🔗Streams

Streams are the primary means of bringing data from external systems into the CDAP in real time. They are ordered, time-partitioned sequences of data, usable for real-time collection and consumption of data.

They can be created programmatically within your application, using the Stream HTTP RESTful API, the StreamClient of the Java Client API, or by using the CDAP Command Line Interface.

Data written to a stream can be consumed in real time by flows or in batch by MapReduce programs..

🔗Creating a Stream

You specify a stream in your application specification:

addStream(new Stream("myStream"));

This specifies a new stream named myStream.

Streams are uniquely identified by a combination of the namespace and the stream name and are explicitly created before being used. Names used for streams need to be unique within a namespace, as streams are shared between applications. Names that start with an underscore (_) will not be visible in the home page of the CDAP UI, though they will be visible elsewhere in the CDAP UI.

🔗Writing To a Stream

You can write to streams either one operation at a time or in batches, using either the Stream HTTP RESTful API or the Command Line Interface.

Each individual signal sent to a stream is stored as a StreamEvent, which is comprised of a header (a map of strings for metadata) and a body (a blob of binary data).

🔗Reading From a Stream

To convert the binary data into a string, you need to take into account the character encoding of the data, such as shown in this code fragment:

@ProcessInput
public void process(StreamEvent myStreamEvent) {
  String event = Charsets.UTF_8.decode(myStreamEvent.getBody()).toString();
...
}

🔗Stream Time-To-Live (TTL)

Streams are persisted by CDAP, and once an event has been sent to a stream, by default it never expires. The Time-To-Live (TTL, specified in seconds) property governs how long an event is valid for consumption since it was written to the stream. The default TTL for all streams is infinite, meaning that events will never expire. The TTL property of a stream can be changed, using the Stream HTTP RESTful API, the StreamClient of the Java Client API, or by using the Command Line Interface.

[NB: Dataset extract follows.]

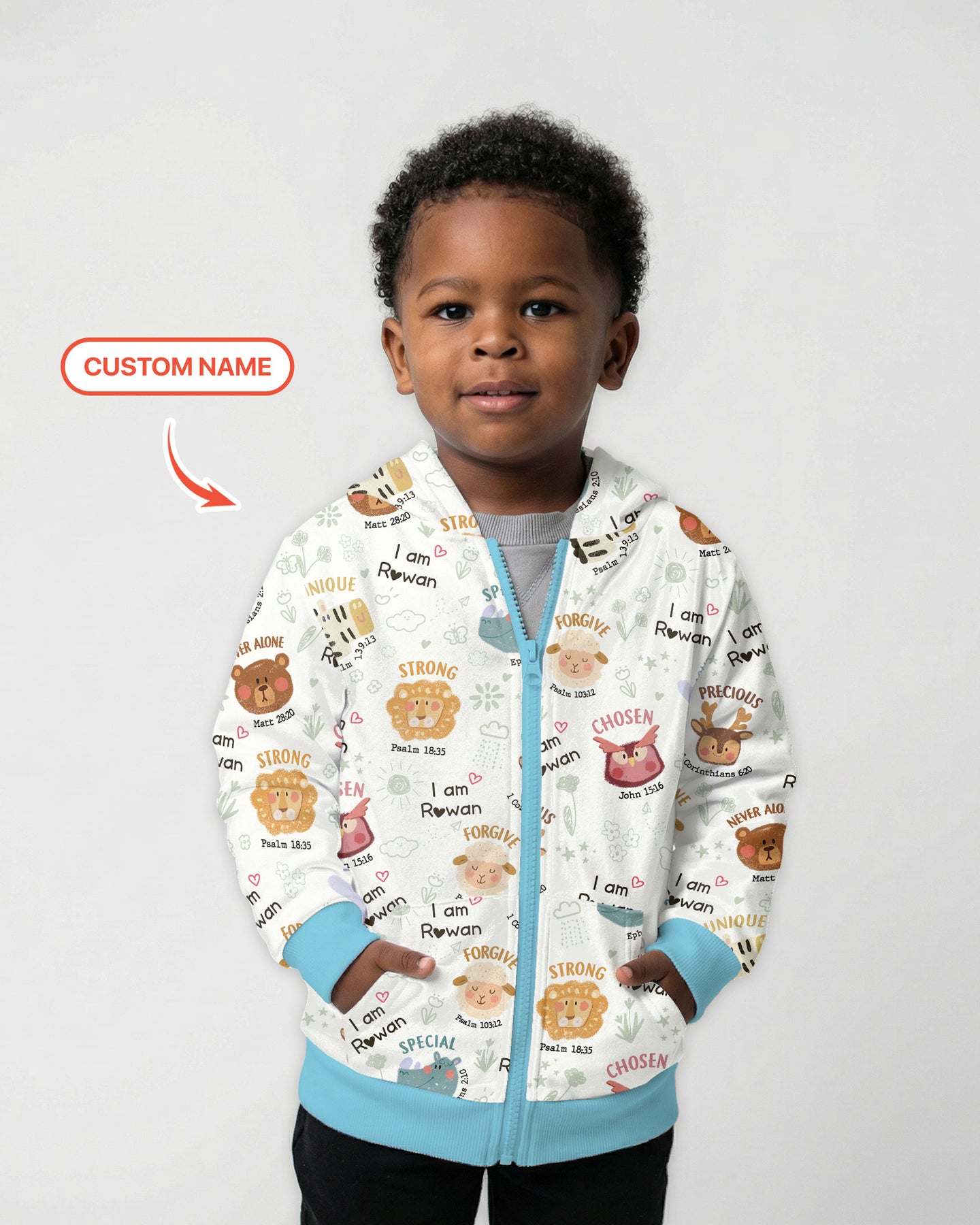 Gear up for faith-filled fun with our “God’s Little Zoo” Collection! These bamboo pieces for babies and kids are covered with adorable animals and uplifting Bible affirmations—reminding little ones of their God-given worth, uniqueness, and strength. Personalize it with your child’s name for a one-of-a-kind keepsake they’ll cherish. Made from ultra-soft, breathable bamboo fabric, they’re perfect for active days, cozy nights, and every joyful moment in between.

🔗Truncating and Deleting a Stream

Streams can be truncated, which means deleting all events that were ever written to the stream. This is permanent and cannot be undone. They can be truncated using the Stream HTTP RESTful API, the StreamClient of the Java Client API, or by using the Command Line Interface.

Deleting a stream means deleting the endpoint so that events can no longer be written to it. This is permanent and cannot be undone. If another stream is created with the same name, it will not return any of the previous stream's events.

🔗Stream Notifications

Streams publish notifications internally to CDAP when they ingest data. The increment of data that they have to ingest in order for a notification to be published is defined by the notification.threshold.mb configuration of a stream, and can be changed using the Stream HTTP RESTful API, the StreamClient of the Java Client API, or by using the Command Line Interface. When creating a stream, by default the threshold is set to the value of stream.notification.threshold in the cdap-site.xml.

The notifications describe the absolute size of events ever ingested by a stream, and as such, they will always describe increasing data size. In particular, they do not reset when the stream is truncated, and they do not decrease when part of the data ingested by the stream has reach the TTL.

Stream-size notifications are used by stream-size schedules.

🔗Stream Examples

Streams are included in just about every CDAP application, tutorial, guide or example.

  • The simplest example, Hello World, demonstrates using a stream to ingest a name into a dataset.
  • For an example of pushing events to a stream, see the Purchase example and its CDAP CLI command that injects data to a stream.
  • For an example of reading events from a stream, see the Purchase example, where the class PurchaseStreamReader reads events from a stream.
  • For an example of reading from a stream with a MapReduce program, see the Batch Data Processing with CDAP, where the class TopClientsMapReduce reads events from a stream using the method Input.ofStream().